** Problem statement **
Return the data exactly, apart from leaving out the pictures.

Records from a data source
[Start of Attachment]
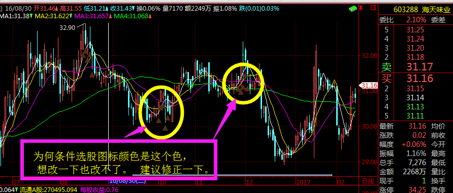 请教:为何条件选股图标颜色是这个色, 想改一下也改不了。  建议修正一下。
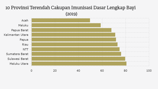 Menurut catatan Badan Pusat Statistik (BPS) tahun 2019, Aceh merupakan provinsi terendah dalam cakupan imunisasi dasar lengkap pada bayi yaitu hanya 49,6%. Artinya, lebih dari setengah bayi di Aceh tidak mendapatkan imunisasi dasar lengkap.
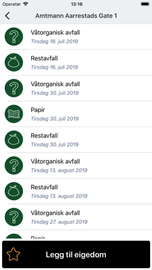 - Kva tid avfallsdunken din blir tømt (tømmeplan).
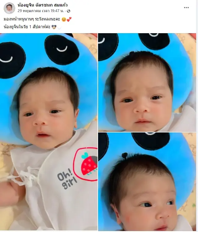 อีกทั้งด้านคุณพ่อคุณแม่ก็ยังเห่อลูกสาวไม่เบาเลยทีเดียว พร้อมกับออกมาเปิดภาพให้แฟน ๆ ได้ตามกันแบบทุกวันจนแฟนคลับถึงกับตกหลุมรักน้องยูจินกันเป็นแถว
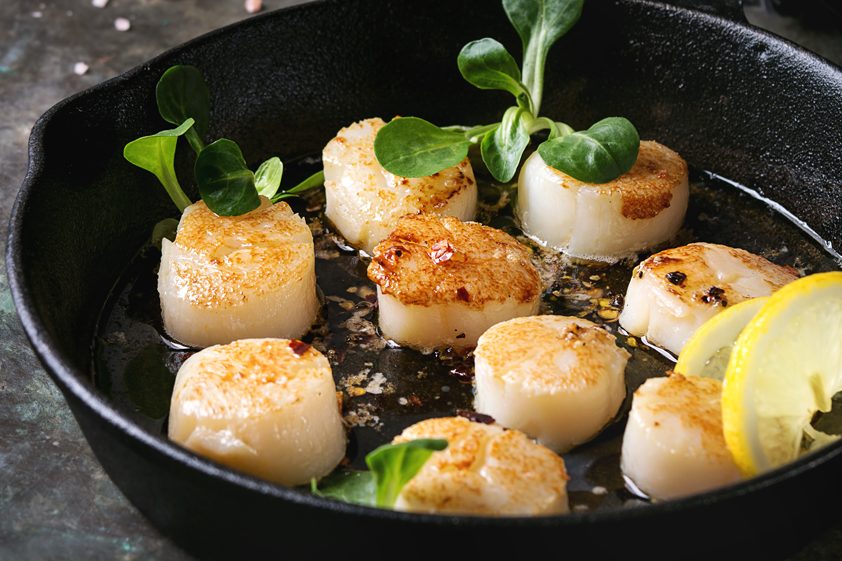Eine Pfanne auf dem Herd erhitzen und die Jakobsmuscheln bei mittlerer Temperatur ca. 1 Minute von beiden Seiten braten, sodass ein goldgelber knuspriger Rand entsteht, leicht salzen.
[End of Attachment]
** Finished exercise **
 请教:为何条件选股图标颜色是这个色, 想改一下也改不了。  建议修正一下。
 Menurut catatan Badan Pusat Statistik (BPS) tahun 2019, Aceh merupakan provinsi terendah dalam cakupan imunisasi dasar lengkap pada bayi yaitu hanya 49,6%. Artinya, lebih dari setengah bayi di Aceh tidak mendapatkan imunisasi dasar lengkap.
 - Kva tid avfallsdunken din blir tømt (tømmeplan).
 อีกทั้งด้านคุณพ่อคุณแม่ก็ยังเห่อลูกสาวไม่เบาเลยทีเดียว พร้อมกับออกมาเปิดภาพให้แฟน ๆ ได้ตามกันแบบทุกวันจนแฟนคลับถึงกับตกหลุมรักน้องยูจินกันเป็นแถว
Eine Pfanne auf dem Herd erhitzen und die Jakobsmuscheln bei mittlerer Temperatur ca. 1 Minute von beiden Seiten braten, sodass ein goldgelber knuspriger Rand entsteht, leicht salzen.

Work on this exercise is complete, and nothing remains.